Tuesday, 9 July 2019

Vintage: 1950s reproduction skirt

As part of my sewing to do list for 2019, I wanted to build my vintage wardrobe. Despite patterns being bought I've yet to manage even a mock-up of them and they've been languishing in a corner of the sewing room.

So when I went to a vintage fair and came back with a skirt that almost fit but not quite, I knew I needed to recreate it, and then take pics. The blazer is from Miss Candyfloss, the lipstick is Victory Red by Besame, which isn't 50s but I only have their 40s shades, and the sunglasses are from Marks and Spencers.









And a few of the original


The story...


I decided to visit a vintage fair that came to my town. I have curves, lots of them, so I've come to accept that true vintage for a woman of my size is pretty impossible. I looked around the vintage fair, more interested in finding a watch than clothes when I came upon a skirt. It was at the end of a populated clothing rack and looking at it I thought, my God, that looks like my size.
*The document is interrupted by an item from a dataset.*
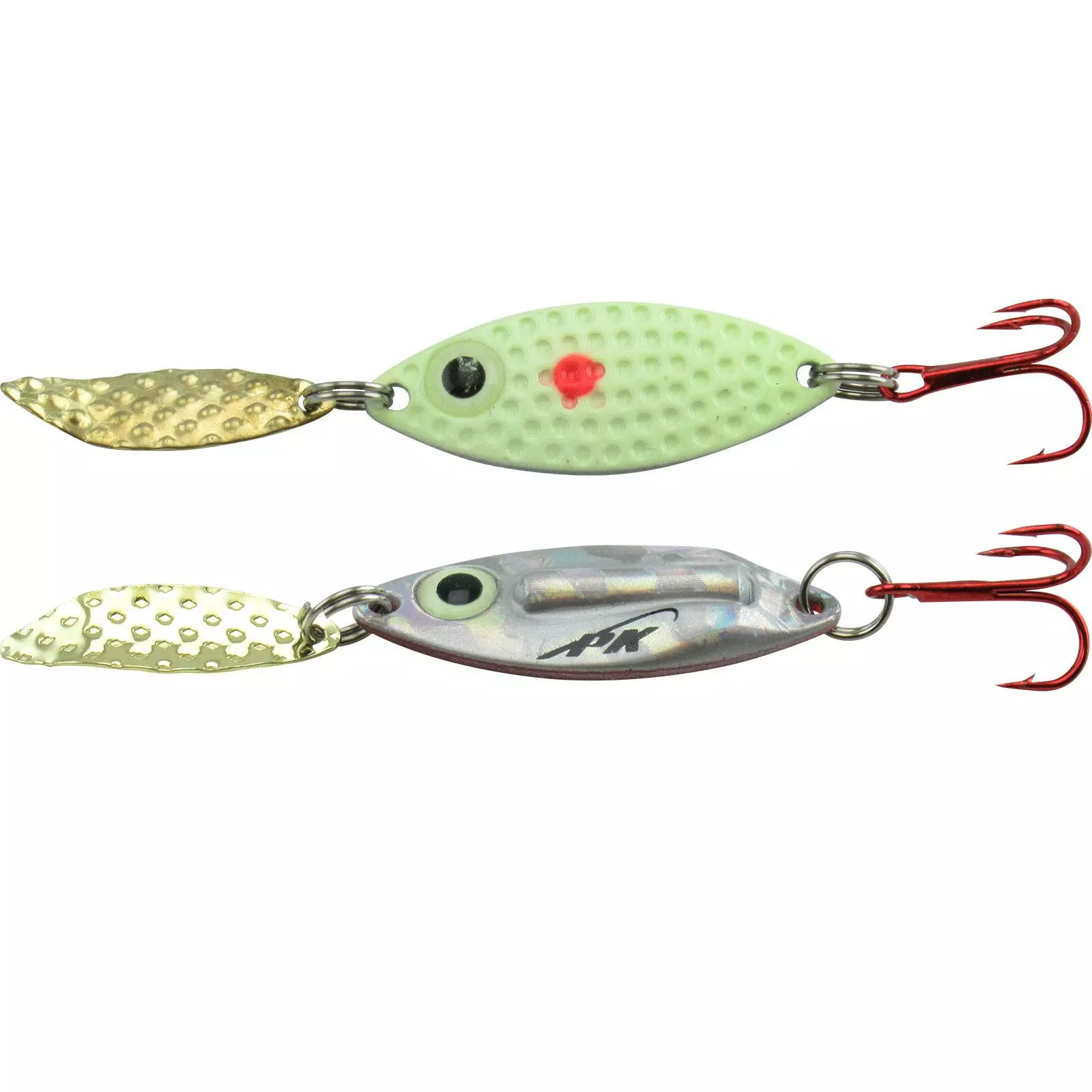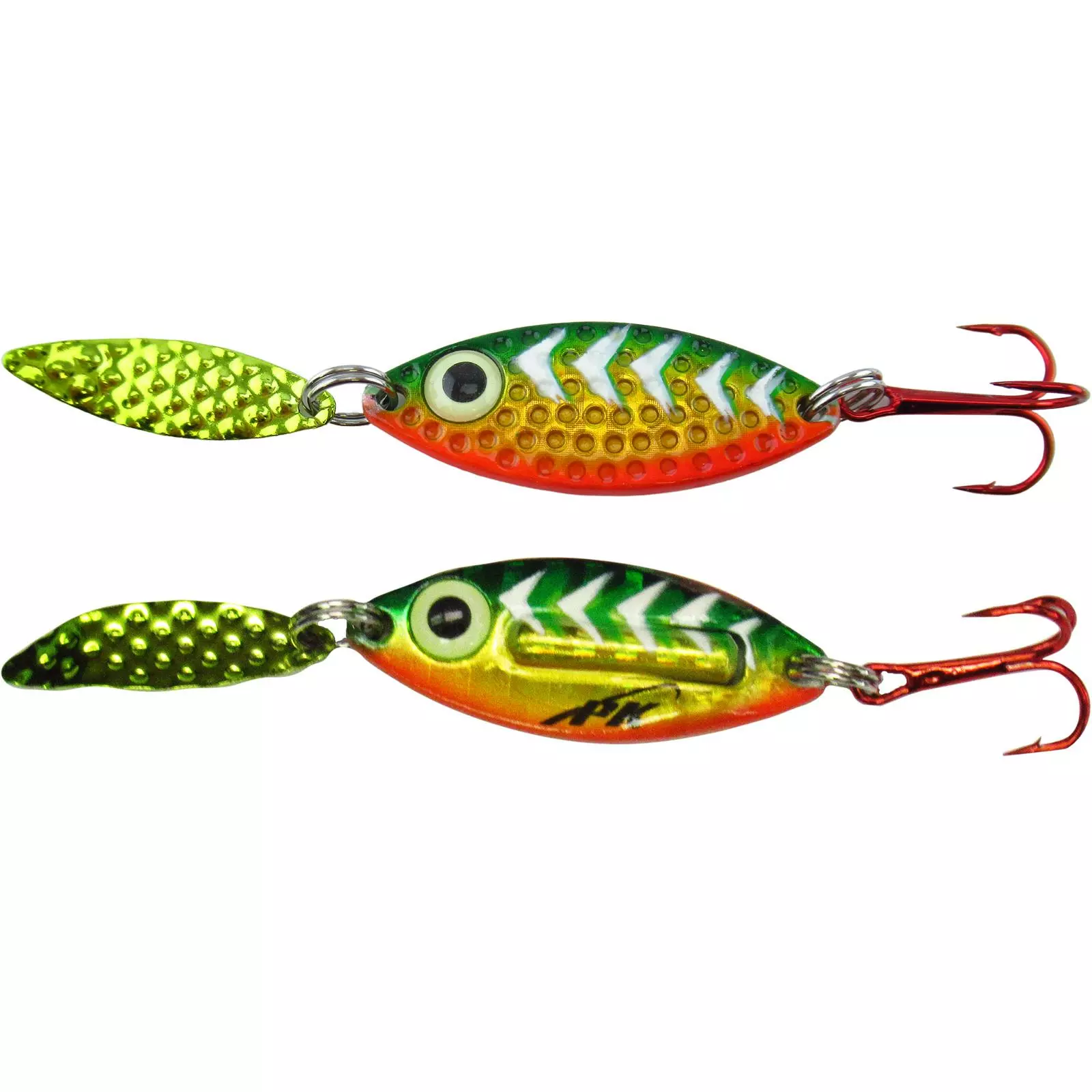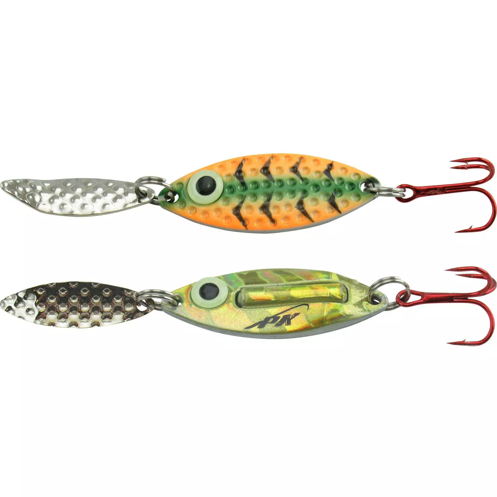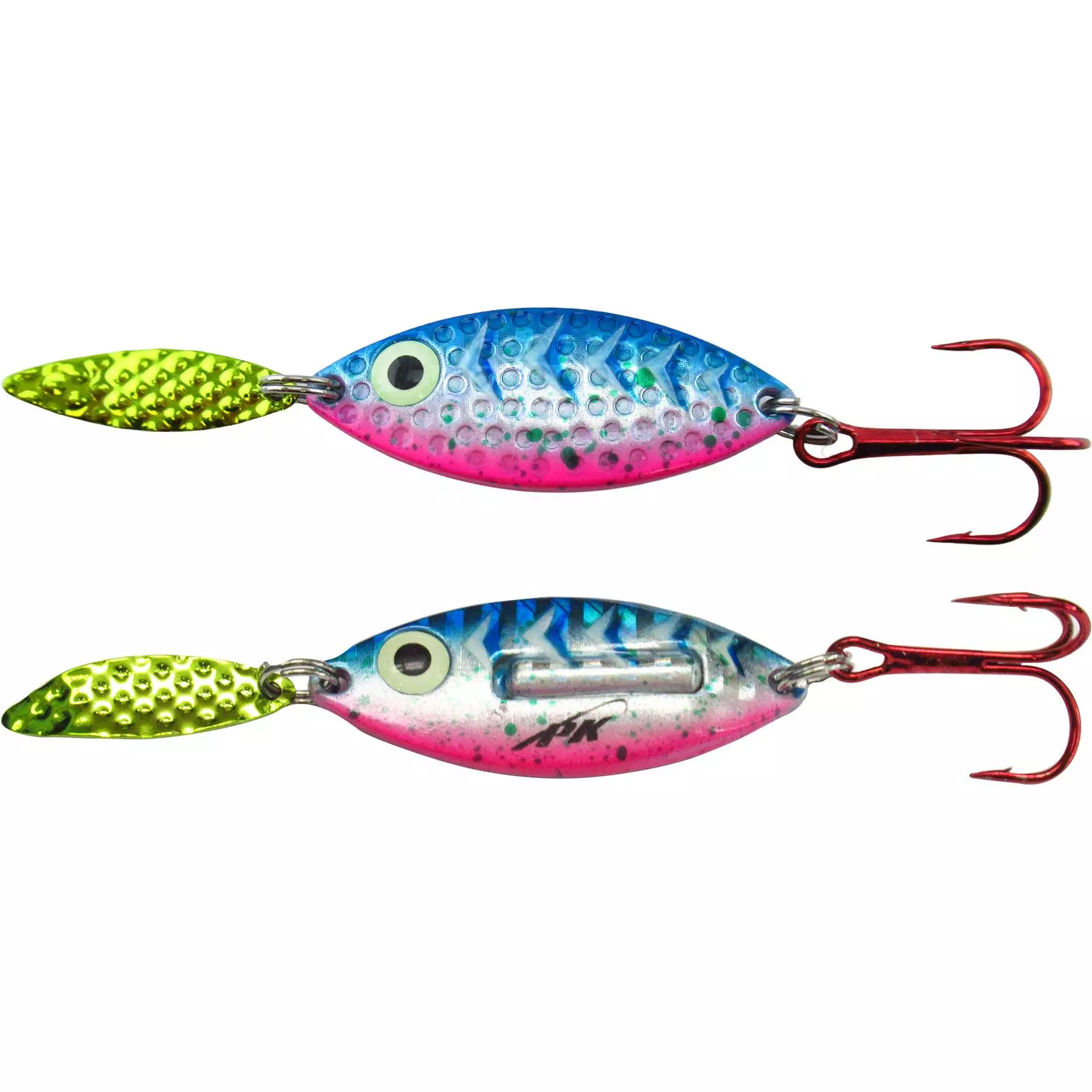 Change it up with the highly versatile PK Lures Rattling Spoon! This rattle spoon features a new brass rattle chamber that is over-sized and creates an enticing sound that will trigger lightning-fast strikes! You can use it to entice sluggish fish beneath the ice or run it for an aggressive chase in open water, giving the rattle spoon incredibly versatility! Designed in flashy, light-catching colors, the PK Rattle Spoon is excellent in all weather conditions. This is one of the most sought after fishing spoons on the market today! Give yourself an edge this ice season with the PK Lures Rattling Spoon!

Another thing with vintage fairs is that they sell both true vintage and reproduction vintage. Obviously repro has my size, but it also has the price tag. What this skirt didn't have was a price tag. I asked the woman who manned the stall, which was all genuine vintage, how much and she priced it at £15. Score! A vintage 50s style skirt that fit.

Little did I know the absolute gem I'd managed to find.

I got the skirt home and began the inspection. There were a few scuff marks on the fabric, but not very visible ones. Let's just say if someone noticed them that someone is looking too hard. It was a full circle skirt, so probably from the 50s. Then I began to notice details. The seams were finished with a pinking shear and pressed open, there was a sewn on snap at the waistband and a zipper hidden within a placket. The waistband and hem had both been done with some kind of zig-zag-straight stich I couldn't remember the name of.





This was....true vintage. I mean the purest of pure blooded vintage. This was a handmade/homemade skirt. Granted, there was a possibility it wasn't made in the 50s, but it was definitely 50s style. I'd inadvertantly hit the mother load.


Then I tried it on and it was a bit snug. I mean I could've squeezed into it, but there was very little breathing room let alone eating room. So I decided to re-make it. I was never really that comfortable wearing it anyway considering potentially how old it was, and how much care and attention had gone into making it.

I set about trying to find a similar fabric, which wasn't difficult seeing as it was large polkadots, and they always seem to be "in style" in fabric shops. Polka dots are quintessentially 1950s, despite the fact that they possibly weren't as popular in the actual 50s.

I couldn't get an exact match, or at least didn't fancy spending hours trolling the internet looking for one, so decided just to opt for the easiest. Honestly, I kind of prefer the newer fabric, I like contrast a lot better.

That wasn't the only strange thing about this fabric. I'm unsure if vintage fabrics were perhaps wider than modern ones, but the skirt was 2 semi-circles, with seams only at the side. I don't know how they managed it unless the fabric was curtain wide. Perhaps there's something I don't know, but to make a skirt that long only and circular having only 2 seams on the entire thing the fabric must have been hella wide. It feels like cotton, but not the same as the modern cotton. It's more textured, and a little stiffer than the cotton poplin I bought. I'm also unsure if there would've been curtain fabric with polka dots on it, so my theory is probably innacurate.

Regardless I began to pattern. I wanted to make is as close to the original as possible, so instead of having only 2 panels, I had to have 6, yes 6, just to get the same width. They were all the same, with CF and CB cut on the fold.

I also wanted a pocket so patterned one in. Unfortunately I miscalculated how much fabric I would need and ended up having to order some more halfway through...

I've never done a zip hidden within a placket, and CBA learning how to do one, so I used an invisible zip instead. I did keep the nice touch on the waistband by sewing in a snap (those things are so cool!). And obviously I deviated from construction. I attached the waistband by using the stitch-in-the-ditch method (also called other things), and the hem I did by hand, and regretted it instantly. I even ironed it, which I naughtily never do! So all my seams are pinked and then pressed, what a good wee seamstress I am.

It is a lot of skirt, as you'd expect, and it's surprisingly too long, even though I used the original for my pattern, so I'll need to take it up about an inch, but I'm definitely not doing that by hand.